Here for instance, we are interested in assessing the probability of developing a given neurologic grade after a Glioblastoma radiotherapy treatment. Knowing the patient grade before treatment, the likelihood for developing any given grade is a multinomial pdf (telling us the number of observations of a categorical variable, Gr i , i.e. the final grade, given the frequency for observing this final grade, f i ). The prior probability (the knowledge we have for the frequencies) can be informative (extracted from previous knowledge) or non- informative (uniform priors for instance or best, Jeffrey’s priors). Here, a uniform prior distribution was used since in this case we did not find any previous publication dealing with the prediction of the neurologic grade after the Glioblastoma treatment based on the initial grade. This way, we know that the posterior (the pdf of the parameters, given the observed patients final grade) is simply a Dirich let distribution which should be the target of the M-H algorithm. In this simple case, computations can be made by hand. The role of M-H algorithm is clarified for more complex cases.

For the second, enhanced model, we used additionally the CTV. We graph the grade vs the size of CTV and proposed a function to fit this data: we proposed a sigmoid function with unknown parameters a and b. Again the M-H algorithm was used to find those values as their posterior pdf cannot be computed by hand. The equation was used to construct the likelihood function for the posterior function in the Bayes’ theorem. That is, Bayes’ theorem was used to calculate a probability and the algorithm for the proposal of random values and for decision making to keep those vales which increase the likelihood of the parameters.

From the glioblastoma database, 41 patients started with no neurologic grade then after the first (since several adjuvant treatments attempts were performed due to the aggressive nature of glioblastoma tumors) radiotherapy treatment 27 remained with no neurologic grade. However, 13 patients developed a grade of one while 1 patient developed a high grade of 3 as it can be observed in figure 2. On the other hand, most patients who started with a grade of one remained with the same grade. Using the data in figure 2 we calculated the probability of developing a certain neurologic grade after the first treatment given the patient started with a given grade. Evidently, there is not enough subjects in our data to produce statistically significant predictions. However, we use the data as an example of what type of models we can develop.


Figure 2. 

Neurologic grade change, by number of patients, before and after the first radiation therapy treatment.

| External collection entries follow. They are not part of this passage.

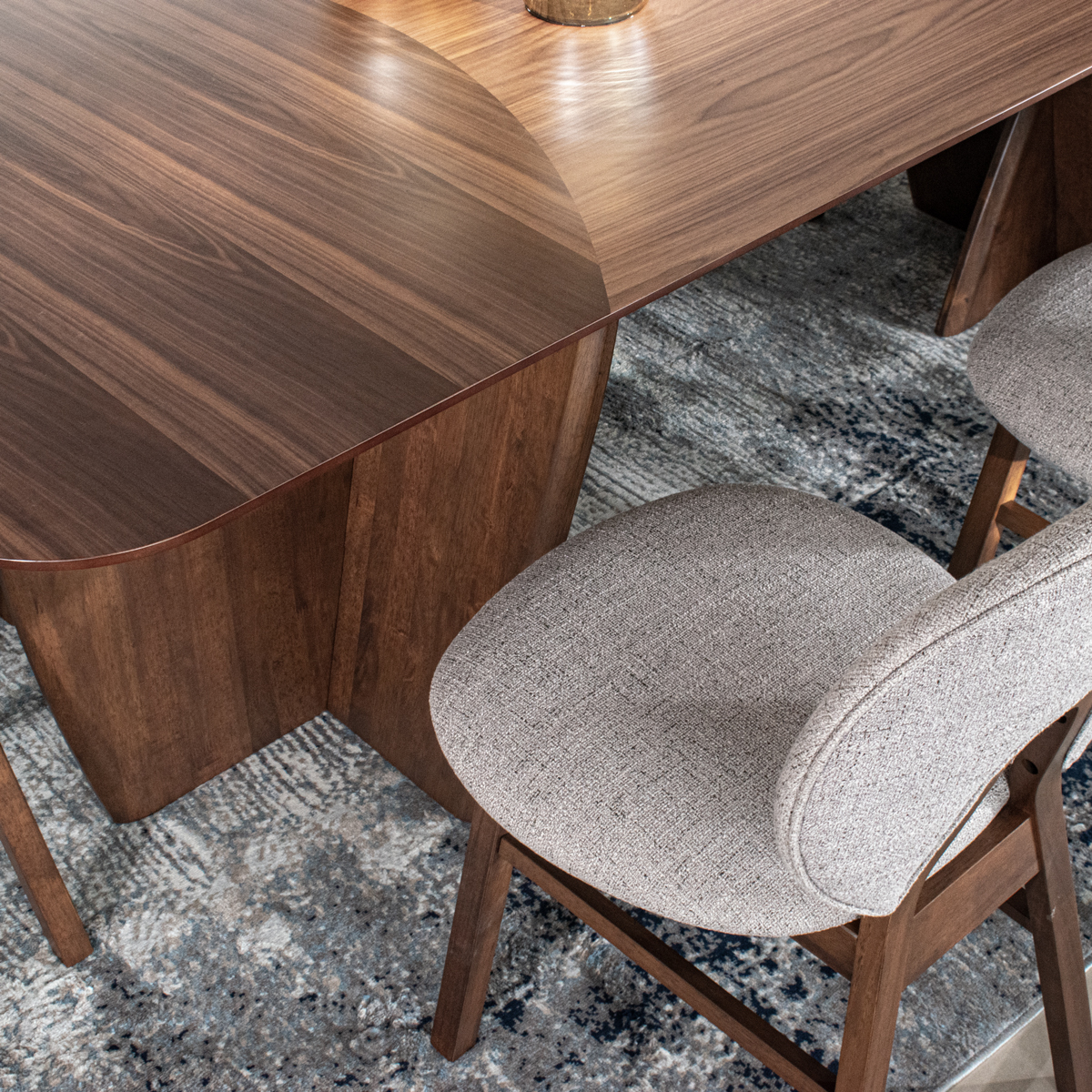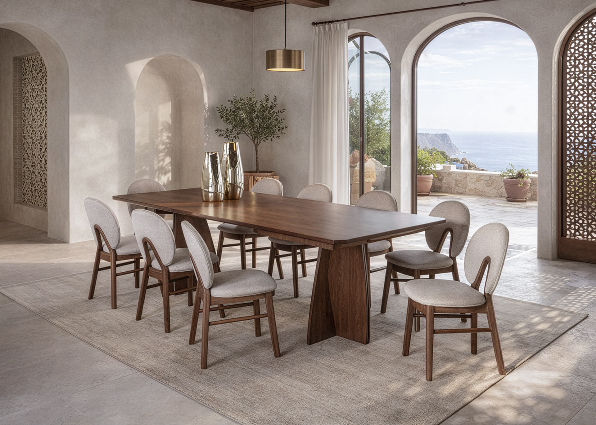 Inspirada en su herencia andaluza y sus tonos arena, este comedor de 8 puestos combina madera walnut profunda con tapices beige suaves que evocan calma y sofisticación mediterránea. Granada no es rígida: es fluida, acogedora, envolvente. Sus volúmenes y texturas transmiten hogar, cercanía y diseño con alma. Una colección que conecta tradición y modernidad con una elegancia natural.
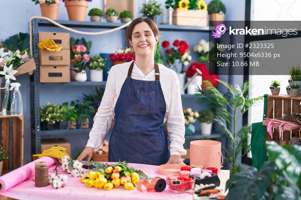 Young woman florist smiling confident standing at florist shop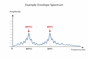 (Figure 2. The prominence of characteristic bearing fault frequencies (BPFO and BPFI) in the envelope spectrum is an indicator of localized damage.)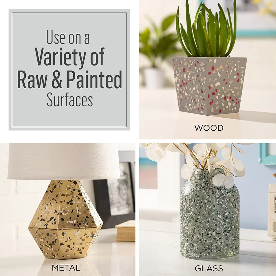 A FolkArt Terrazzo Flakes számos kezeletlen és festett felületen használható, beleértve a fát, fémet, üveget, kerámiát vagy terrakottát.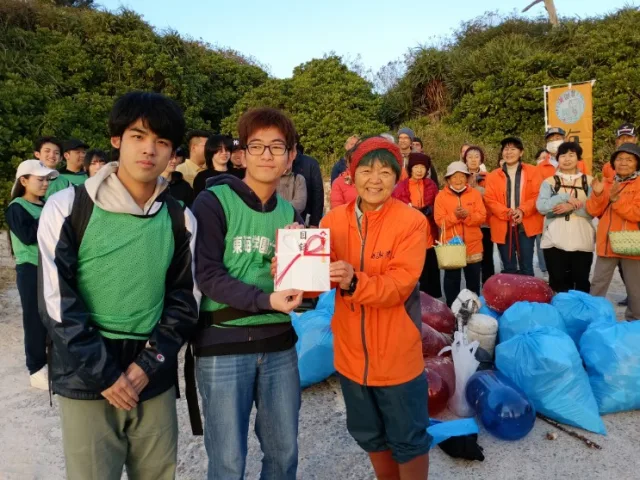 今年度は、BSCウォータースポーツセンター主催の社会貢献プロジェクト「ミライキフ」の支援対象として本活動が選出されました。同センターが実施する「びわ湖自然体験学習」参加者の投票により決定した53,270円の寄付金を受け、本学はその全額を海謝美へ贈呈いたしました。贈呈式は2月13日、与論島の海岸にて行われました。寄付金は、海洋ごみ清掃活動のPR動画制作費として活用される予定です。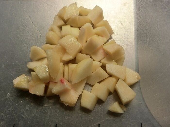 生クリームも混ぜ合わせたら、1の桃の飾り用を残して混ぜ合わせます。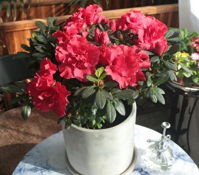 杜鹃喜欢温暖湿润的环境,如果空气湿度过低,会造成杜鹃干尖黄叶,严重的话还可能导致落叶。所以,如果我们养护杜鹃的地方通风比较好,比如在户外或者半封闭阳台,可以在叶片周围喷一点水,保持一定的空气湿度。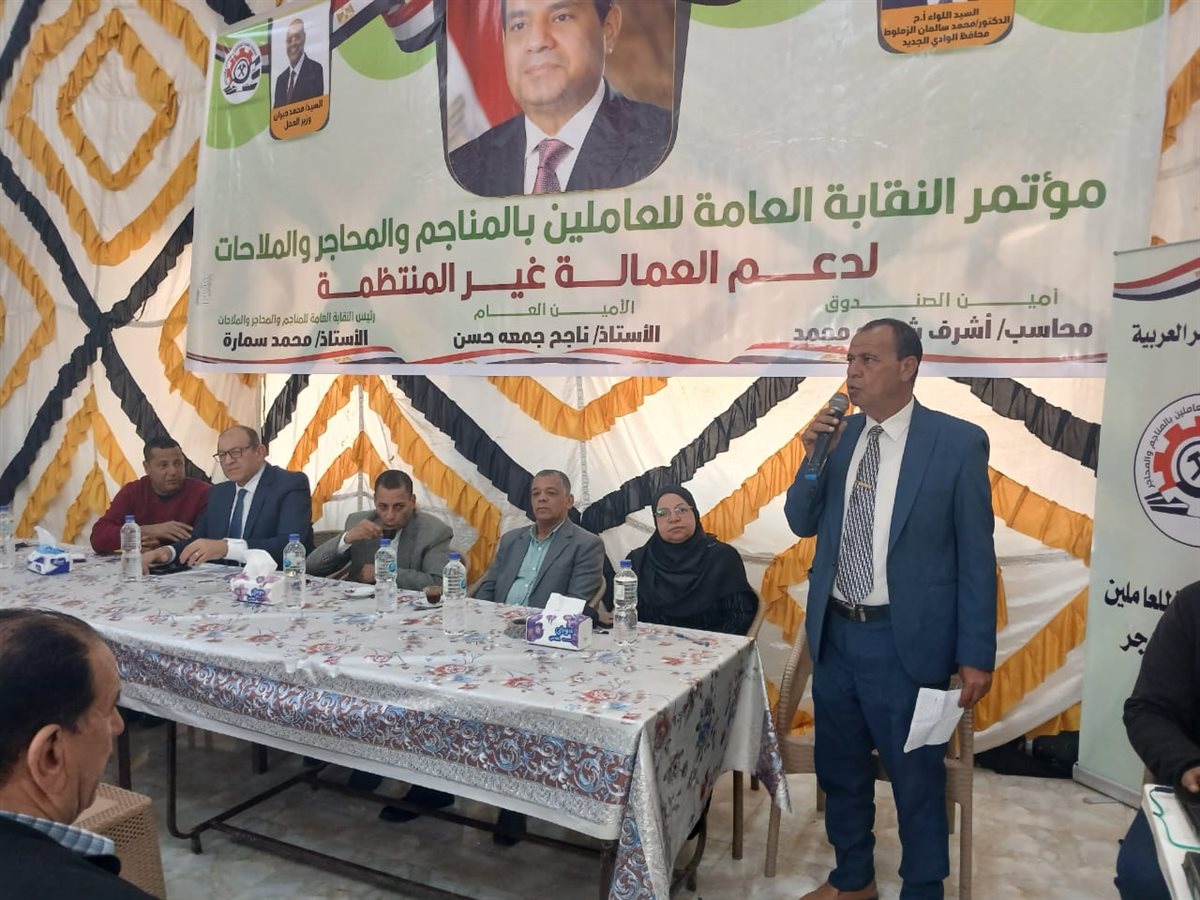 نظّمت النقابة العامة للعاملين بالمناجم والمحاجر والملاحات مؤتمرًا موسعًا بمحافظة الوادي الجديد، برعاية محمد جبران، وزير العمل، واللواء دكتور محمد سالمان الزملوط، محافظ الوادي الجديد، ومشاركة أعضاء المجلس التنفيذي للنقابة العامة المناجم والمحاجر بقيادة محمد سماره رئيسها والأمين العام ناجح جمعه، وأشرف شحاته أمين الصندوق وأمينها العام.

Applying Bayes’ theorem in the M-H algorithm in a machine learning type of process we were able to obtain the results in figure 3 which predicts the probability of developing a neurologic grade after the initial treatment for patients who started with no neurologic grade before the treatment. According to our predictions a patient has 60 % chances of remaining with no neurologic grade and about 30 % chances of developing a grade of 1. The probability calculated of developing grade three or four are very slim and is difficult to tell due to the limited number of subjects. The vertical value corresponds to the likelihood of the probability and the width of the graph represents the uncertainty of the prediction; the wider the curve the greater the uncertainty. With the results of this graph we can illustrate how to find a parameter, in this case the probability of a neurologic grade, and the confidence of that parameter.


Figure 3. 

Probability of developing a neurologic grade after the first treatment given patients started with a grade zero before the treatment.

Evidently this model is a simplistic model nonetheless the main idea is to keep enhancing the model in order to move forward towards a more realistic prediction. Therefore, we decided to develop the enhance model which shows that the prediction highly depends on the size of the tumor as can be seen in figure 4. The black solid circles in this figure represents the size of the CTV for each of the patients. In this graph we can see that a patient who started with a CTV below 200 cm3 has less probability of developing a grade of one compared to those patients who started with a CTV above 200 cm3. The solid black circles in the lower part of the graph corresponds to those patients who started with no neurologic grades and patients who started with a grade of one are drawn in the upper part of the graph. The following sigmoid function was used to fit the experimental data were a and b are unknown parameters calculated using the M-H algorithm.

The solid black curve represents the sigmoid function draw with a highly likely value for a (225 cm3) and b (0.025 cm-3) parameters.


Figure 4. 

Probability of developing neurologic grade one based on CTV size for patients who started with no neurologic grade before the first treatment.


Figure 5. 

Marginal pdf of a and b, normalized to their maximum, to complete the proposed sigmoid function.

The marginal pdf of the a and b parameters calculated with the M-H algorithm are shown in figure 5. These curves are drawn with the purpose of illustrating that there can be other possible solutions. The horizontal axis corresponds to the value of the parameter and the vertical one to the normalized probability of this value.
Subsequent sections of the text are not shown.